One book I’ve found helpful on this topic: The Secular Paradox: On the Religiosity of the Not Religious, by Joseph Blankholm (NYU Press, 2022). The book is a sociological study of people who are not religious, and who are part of organized secular groups. One of the fascinating things Blankholm finds is that organized secular groups in the U.S. seem to be dominated by older white men from vaguely Christian backgrounds. Blankholm interviews Black atheists, Hispanic atheists, formerly Jewish atheists, “Muslimish” atheists, etc. — people who often don’t fit neatly into the organized secular groups. So how come the old white guys get to dominate U.S. atheism? Blankholm has some good things to say about this.

Another book I’ve found super helpful is: Before Religion: A History of a Modern Concept by Brett Nongbri (Yale Univ. Press, 2015). Nongbri is a scholar who specializes in the Ancient Near East. He also argues that “religion” is a concept that didn’t exist before the European Enlightenment. Thus, when we talk about “ancient Egyptian religion” or “ancient Greek religions,” we are using anachronistic terminology. Even when we talk about early Christianity or early Islam as “religions,” we are using anachronistic terminology. Nongbri goes into some textual analysis showing how modern translators use the word “religion” to translate ancient terms that do not carry our contemporary meaning. In other words, to say that Jesus of Nazareth (or Paul of Tarsus, depending on your theology) founded a “religion” is an anachronistic way of framing that history. Jesus may have founded something, but it was not what we mean today when we say “religion.”

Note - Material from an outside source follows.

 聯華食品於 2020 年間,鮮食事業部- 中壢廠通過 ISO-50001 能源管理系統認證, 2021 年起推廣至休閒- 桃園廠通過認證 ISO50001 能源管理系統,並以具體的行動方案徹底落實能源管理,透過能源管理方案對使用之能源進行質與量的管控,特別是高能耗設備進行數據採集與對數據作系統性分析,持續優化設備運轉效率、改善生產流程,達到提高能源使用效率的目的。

If we take Nongbri and Blankholm (and many other scholars of religion) seriously, we find something rather disconcerting. The word “religion” works best to describe Western European Christianity from the early Modern period onward. That implies that “religion” does not work so well to describe the so-called “world religions.” And indeed, if we look closely, we see that the concept “religion” has been imposed on many phenomena that weren’t religions before colonialism, e.g., “Hinduism” wasn’t even a thing until after the British colonized India. Nor does “religion” work so well when applied to anything before the Enlightenment.

Which in turn implies that “religion” is not a universal concept that applies to all human cultures in all times and all places. This is something that scholars have been saying for some years now, e.g., Jonathan Z. Smith in “Religion, Religions, Religious” (1998). And if “religion” is not a timeless and universal concept, then neither is “secular.”

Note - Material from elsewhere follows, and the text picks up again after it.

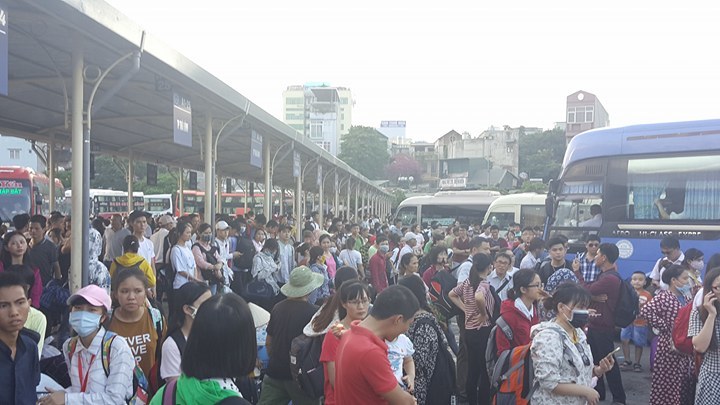 | Bến xe Mỹ Đình cũng rất đông đúc. Ảnh: Đoàn Bổng |

The practical effect of all this? Well, for us Unitarian Universalists, we are definitely part of a religion, since both Unitarianism and Universalism started out as Christian heresies. But at an institutional level, we got kicked out of the Christian club a century ago. You can be a Christian Unitarian Universalist, but Unitarian Universalism can’t really be considered Christianity. Which means the term” religion” when it is applied to us is not going to be a perfect fit. In fact, it might be argued that these days we look more like organized secularism than organized religion. And given the apparent complicity of organized religion in colonialism, maybe that’s not a bad thing.